## What you are asked to do:
Return the entries exactly. Images are not part of the copy.

## Collected data entries:
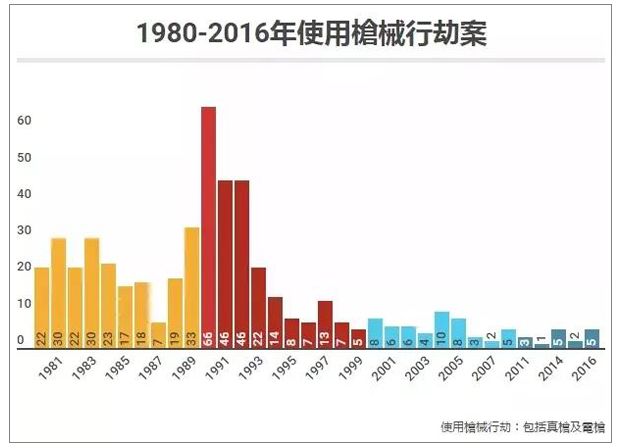 ▲香港1980年-2016年使用枪械行动案情况,数据来自远川研究。
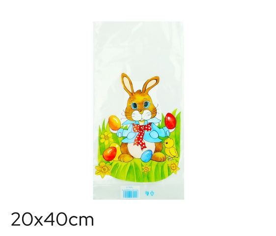 Sáček na nadílku s velikonočním motivem- složené dno má hloubku 6cm- potisk na přední straně- fólie je určena pro přímý styk s potravinami, zdravotně nezávadná- každý sáček je opatřen čárovým kódem- rozměr: 20 x 40cm
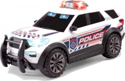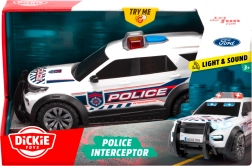 A Dickie Toys márkájú FORD INTERCEPTOR gyermek rendőrautó fény- és hangeffektekkel kínál valósághű, akciódús szórakozást. A fehér karosszéria markáns részletekkel, nagy műanyag kerekekkel az előrehaladáshoz, valamint villogó fényhíddal és szirénával teremti meg a rendőri bevetés hiteles hangulatát.
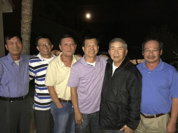 Ngô Kim Trọng (áo jacket đen) đã dần dần hồi phục sau trận stroke hồi đầu năm, đứng bên cạnh Vũ Trọng Khảo và anh em Bắc Cali.
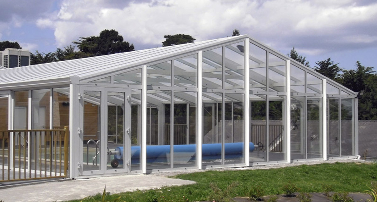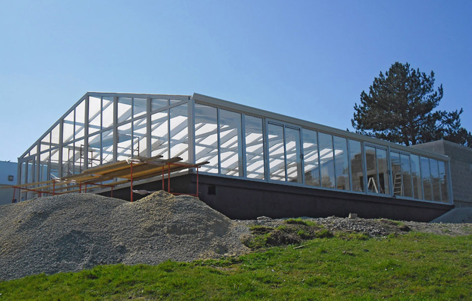 Suite à des expériences non concluantes de villages du groupe avec des abris de piscine traditionnels, l’architecte M. Revol, chargé du projet, établit l’appel d’offres des aménagements extérieurs avec une piscine couverte au moyen d’une véranda pour piscine.
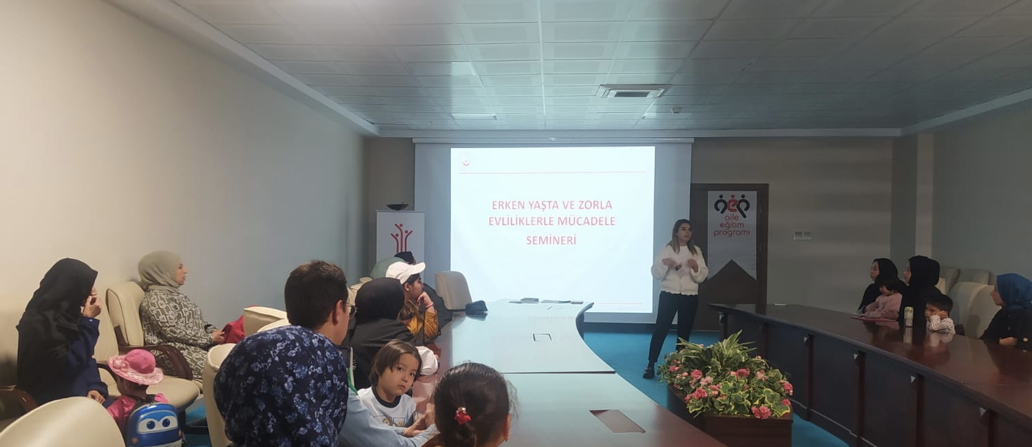Yozgat Valiliği Konferans Salonu’nda Yozgat Sosyal Hizmet Merkezi Müdürlüğü Aile Eğitim Programı formatörü Sosyolog Merve ER tarafından “Erken Yaşta ve Zorla Evliliklerle Mücadele” hakkında katılımcılar bilgilendirildi.
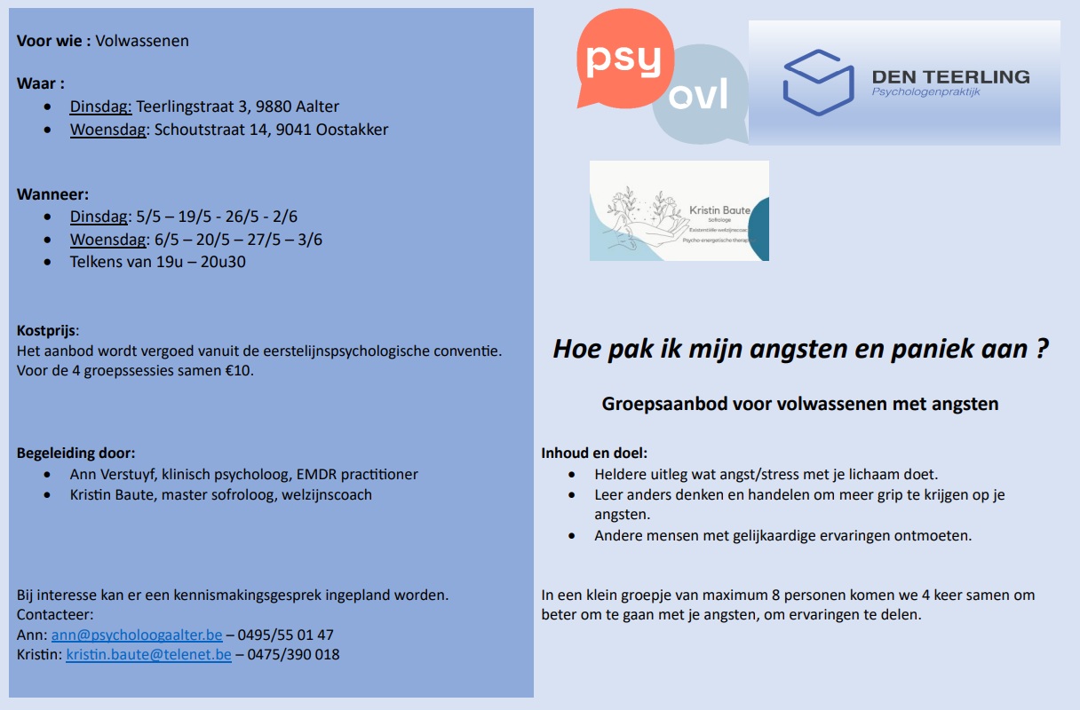 Je bent op zoek naar een psycholoog of je hebt een vraag ? Bij psychologenpraktijk Den Teerling staan we als klinisch psycholoog klaar voor volwassenen, jongeren en kinderen. We bieden individuele en groepstherapieën aan. Lees gerust verder en aarzel niet ons te contacteren als je vragen hebt of een afspraak wenst.
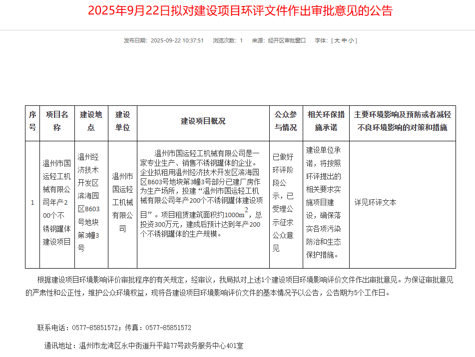 2025年9月22日,温州市生态环境局就温州市国运轻工机械有限公司年产200个不锈钢罐体建设项目环境影响报告表作出审批意见并对外进行公告,公告期:5个工作日。
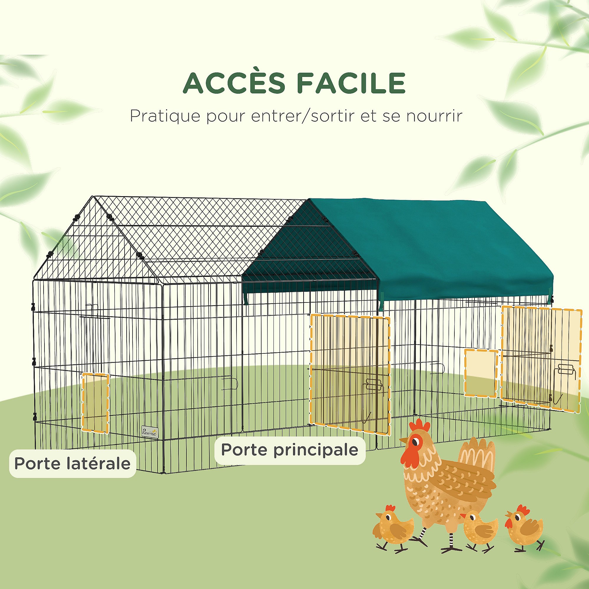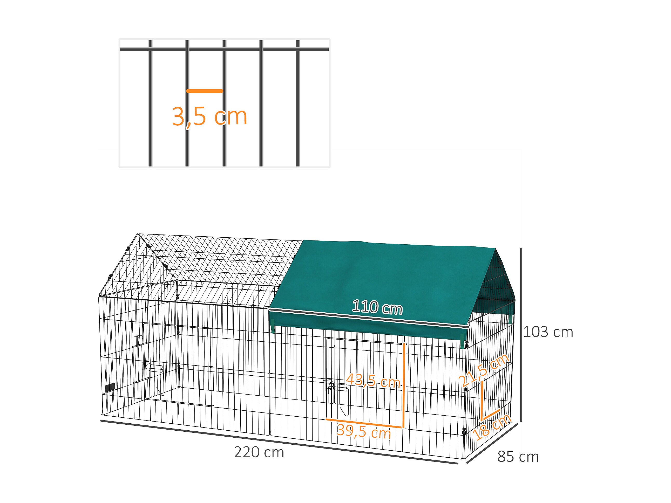 Parc enclos petits animaux - 2 portes, 3 trappes nourrissages, zone couverte - acier noir polyester vert

## Answer for the task:
 ▲香港1980年-2016年使用枪械行动案情况,数据来自远川研究。
 Sáček na nadílku s velikonočním motivem- složené dno má hloubku 6cm- potisk na přední straně- fólie je určena pro přímý styk s potravinami, zdravotně nezávadná- každý sáček je opatřen čárovým kódem- rozměr: 20 x 40cm
 A Dickie Toys márkájú FORD INTERCEPTOR gyermek rendőrautó fény- és hangeffektekkel kínál valósághű, akciódús szórakozást. A fehér karosszéria markáns részletekkel, nagy műanyag kerekekkel az előrehaladáshoz, valamint villogó fényhíddal és szirénával teremti meg a rendőri bevetés hiteles hangulatát.
 Ngô Kim Trọng (áo jacket đen) đã dần dần hồi phục sau trận stroke hồi đầu năm, đứng bên cạnh Vũ Trọng Khảo và anh em Bắc Cali.
 Suite à des expériences non concluantes de villages du groupe avec des abris de piscine traditionnels, l’architecte M. Revol, chargé du projet, établit l’appel d’offres des aménagements extérieurs avec une piscine couverte au moyen d’une véranda pour piscine.
Yozgat Valiliği Konferans Salonu’nda Yozgat Sosyal Hizmet Merkezi Müdürlüğü Aile Eğitim Programı formatörü Sosyolog Merve ER tarafından “Erken Yaşta ve Zorla Evliliklerle Mücadele” hakkında katılımcılar bilgilendirildi.
 Je bent op zoek naar een psycholoog of je hebt een vraag ? Bij psychologenpraktijk Den Teerling staan we als klinisch psycholoog klaar voor volwassenen, jongeren en kinderen. We bieden individuele en groepstherapieën aan. Lees gerust verder en aarzel niet ons te contacteren als je vragen hebt of een afspraak wenst.
 2025年9月22日,温州市生态环境局就温州市国运轻工机械有限公司年产200个不锈钢罐体建设项目环境影响报告表作出审批意见并对外进行公告,公告期:5个工作日。
 Parc enclos petits animaux - 2 portes, 3 trappes nourrissages, zone couverte - acier noir polyester vert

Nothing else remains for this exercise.